Murder Data Statistics in the United States

Posted on Aug 12, 2019
The skills the author demoed here can be learned through taking Data Science with Machine Learning bootcamp with NYC Data Science Academy.

I analyzed murder statistics in the United States from 1980 to 2014. First of all, the reason why I chose the subject about murder was because I enjoyed watching the American crime dramas. There are a lot of dramatic stories, So I was curious if there are any real events like that. When I started this shiny project, I was able to find data on the murders in the United States and have the opportunity to analyze them.

Here is my Shiny Web App and Git Hub .


Data & Question

The data used for this project is "Homicide Reports, from 1980 to2014" uploaded to the Kaggle site. Raw-data consists of 24 columns and about 630,000 data, and the column consists of Agency Info, Crime Solved, year and month of occurrence, victim information, perpetrator information, relationships, weapons, and record sources.

Murder Data Statistics in the United States

I used a total of 9 data columns for analysis and they are State, Year, Victim and perpetrator's info (age, Sex), Crime Solved, Relationship, Weapon. 
I draw the columns of data used for each question.  Overall data cleansing carried out pre-processing of the data from the perpetrator to 0 years old or the victim to 998 years old. Each cleansing according to each query was carried out, if necessary, and some new columns were created and used to draw graphs.

Data Observation

Q1. Where?

Murder Data Statistics in the United States
<Murders by state (Crime Solved Type)>

The graph on the left shows that state of the total number of murders from 1980 to 2014. California is the most murderous state in the United States, with 99,783 cases followed by Texas, New York and Florida.  Look at the graph in the middle where the Crime type is no, California is the state with the highest number of criminal failures followed by New York, Texas and Florida. The graph on the right shows the state with the ratio of  solved crime. North Dakota is the state with a high crime solved rate, followed by Montana and South Dakota, which has a low number of crime.

California has a high crime rate and  63% crime solved rate.
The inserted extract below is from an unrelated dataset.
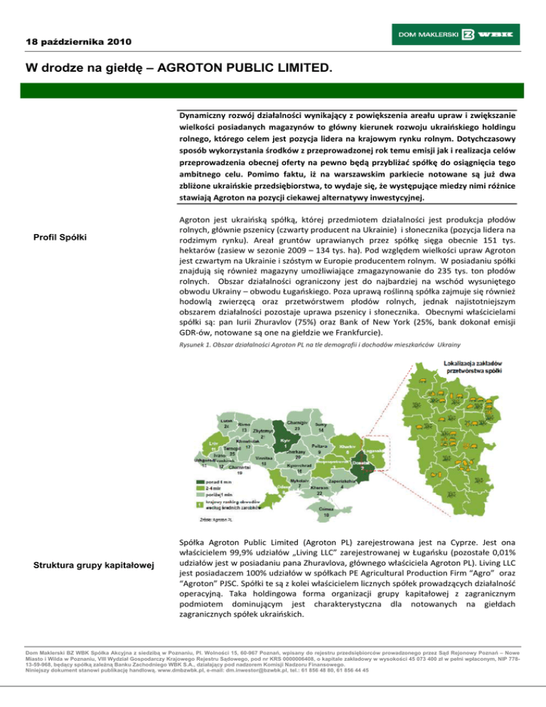 18 października 2010 W drodze na giełdę – AGROTON PUBLIC LIMITED. Dynamiczny rozwój działalności wynikający z powiększenia areału upraw i zwiększanie wielkości posiadanych magazynów to główny kierunek rozwoju ukraińskiego holdingu rolnego, którego celem jest pozycja lidera na krajowym rynku rolnym. Dotychczasowy sposób wykorzystania środków z przeprowadzonej rok temu emisji jak i realizacja celów przeprowadzenia obecnej oferty na pewno będą przybliżać spółkę do osiągnięcia tego ambitnego celu. Pomimo faktu, iż na warszawskim parkiecie notowane są już dwa zbliżone ukraińskie przedsiębiorstwa, to wydaje się, że występujące miedzy nimi różnice stawiają Agroton na pozycji ciekawej alternatywy inwestycyjnej. Profil Spółki Agroton jest ukraińską spółką, której przedmiotem działalności jest produkcja płodów rolnych, głównie pszenicy (czwarty producent na Ukrainie) i słonecznika (pozycja lidera na rodzimym rynku). Areał gruntów uprawianych przez spółkę sięga obecnie 151 tys. hektarów (zasiew w sezonie 2009 – 134 tys. ha). Pod względem wielkości upraw Agroton jest czwartym na Ukrainie i szóstym w Europie producentem rolnym. W posiadaniu spółki znajdują się również magazyny umożliwiające zmagazynowanie do 235 tys. ton płodów rolnych. Obszar działalności ograniczony jest do najbardziej na wschód wysuniętego obwodu Ukrainy – obwodu Ługańskiego. Poza uprawą roślinną spółka zajmuje się również hodowlą zwierzęcą oraz przetwórstwem płodów rolnych, jednak najistotniejszym obszarem działalności pozostaje uprawa pszenicy i słonecznika. Obecnymi właścicielami spółki są: pan Iurii Zhuravlov (75%) oraz Bank of New York (25%, bank dokonał emisji GDR-ów, notowane są one na giełdzie we Frankfurcie). Rysunek 1. Obszar działalności Agroton PL na tle demografii i dochodów mieszkańców Ukrainy Struktura grupy kapitałowej Spółka Agroton Public Limited (Agroton PL) zarejestrowana jest na Cyprze. Jest ona właścicielem 99,9% udziałów „Living LLC” zarejestrowanej w Ługańsku (pozostałe 0,01% udziałów jest w posiadaniu pana Zhuravlova, głównego właściciela Agroton PL). Living LLC jest posiadaczem 100% udziałów w spółkach PE Agricultural Production Firm “Agro” oraz “Agroton” PJSC. Spółki te są z kolei właścicielem licznych spółek prowadzących działalność operacyjną. Taka holdingowa forma organizacji grupy kapitałowej z zagranicznym podmiotem dominującym jest charakterystyczna dla notowanych na giełdach zagranicznych spółek ukraińskich. Dom Maklerski BZ WBK Spółka Akcyjna z siedzibą w Poznaniu, Pl. Wolności 15, 60-967 Poznań, wpisany do rejestru przedsiębiorców prowadzonego przez Sąd Rejonowy Poznań – Nowe Miasto i Wilda w Poznaniu, VIII Wydział Gospodarczy Krajowego Rejestru Sądowego, pod nr KRS 0000006408, o kapitale zakładowy w wysokości 45 073 400 zł w pełni wpłaconym, NIP 77813-59-968, będący spółką zaleŜną Banku Zachodniego WBK S.A., działający pod nadzorem Komisji Nadzoru Finansowego. Niniejszy dokument stanowi publikację handlową. www.dmbzwbk.pl, e-mail: [email protected], tel.: 61 856 48 80, 61 856 44 45 18 października 2010 Głównym przedmiotem działalności spółki jest uprawa ziemi. Spółka jest obecnie w posiadaniu 151 tys. hektarów ziemi rolnej (z czego w obecnym sezonie obsianych zostało 134 tys.). Zdecydowana większość tego areału przeznaczona jest pod uprawę pszenicy ozimej i słonecznika. Ze względu na konieczność stosowania płodozmianu spółka uprawia też kukurydzę oraz rośliny pastewne. Poboczne znaczenie ma również hodowla bydła i trzody chlewnej oraz dalsze przetwórstwo płodów rolnych. Zdecydowana większość przychodów generowanych jest ze sprzedaży pszenicy i słonecznika. Wykres 1. Struktura przychodów w latach 2007-2009 Działalność operacyjna Istotnym elementem strategii rynkowej spółki jest logistyczny aspekt sprzedaży płodów rolnych. Ze względu na sezonowość produkcji rolnej ceny zbóż spadają znacznie w okresie żniw, gdy ich podaż jest największa. W celu uniknięcia konieczności sprzedaży w okresie dołka cenowego Agroton wykorzystuje magazyny zbożowe przechowując zboże do momentu wzrostu ich ceny w późniejszej części roku. Pozwala to na osiągnięcie znacznie wyższej rentowności działalności. Posiadana przez Agroton kubatura magazynowa pozwala obecnie na przechowywanie 235 tys. ton zbóż. Warunki prowadzenia działalności rolnej Ukraina to obszar bardzo atrakcyjny rolniczo. Głównymi czynnikami wpływającymi na taki stan rzeczy są doskonałe warunki glebowe oraz stosunkowo niskie zagęszczenie ludności, powodujące że znaczna część obszaru kraju to obszar użytków rolnych (32,4 mln ha w stosunku do 11,3 mln ha w Polsce). W zakresie stosunków glebowych Ukraina posiada najżyźniejsze wśród dużych krajów gleby w Europie. Szacuje się, że między 30% a 40% europejskich czarnoziemów leży na terytorium tego kraju. Przyjazny uprawie roślin jest również klimat. Zalegająca długo pokrywa śnieżna sprzyja uprawie zbóż ozimych, w czym specjalizuje się właśnie Agroton. Rysunek1.Rozmieszczenie czarnoziemów w Europie i średnia głębokość warstw humusu Źródło: Agroton PL Dom Maklerski BZ WBK Spółka Akcyjna z siedzibą w Poznaniu, Pl. Wolności 15, 60-967 Poznań, wpisany do rejestru przedsiębiorców prowadzonego przez Sąd Rejonowy Poznań – Nowe Miasto i Wilda w Poznaniu, VIII Wydział Gospodarczy Krajowego Rejestru Sądowego, pod nr KRS 0000006408, o kapitale zakładowy w wysokości 45 073 400 zł w pełni wpłaconym, NIP 77813-59-968, będący spółką zaleŜną Banku Zachodniego WBK S.A., działający pod nadzorem Komisji Nadzoru Finansowego. Niniejszy dokument stanowi publikację handlową. www.dmbzwbk.pl, e-mail: [email protected], tel.: 61 856 48 80, 61 856 44 45 18 października 2010 Poziom rozwoju rolnictw

Texas has a second-highest crime rate but a 77% crime solved rate, which is higher than New York, which is the third-highest crime rate. New York has a crime not solved rate of 55% and the lowest crime-solved state is District of Columbia with 34%.

Q2. When? 

Murder Data Statistics in the United States
<Number of murders per year>

This graph shows the number of murders divided by year.  As you can see from the graph, 1993 is the year of the highest number of crimes, and since 2000, the slope of the number of crimes has been flat. 

Murder Data Statistics in the United States
<Number of murders per year (solved/not solved)>

Also, look at the number of crimes solved in each year, the number of unsolved cases was the highest in 1993, when the number of crimes occurred the most. The average number of crimes solved is about 70 percent.

Q3. Who?

<Who killed whom (Gender)>

This graph shows the gender distribution of the victim's relationship with the perpetrator. As expected, 65.8% of Male killed male, followed by male killed female, female killed male in third, and female killed female in the last.This graph shows that both perpetrators and victims have more male than female.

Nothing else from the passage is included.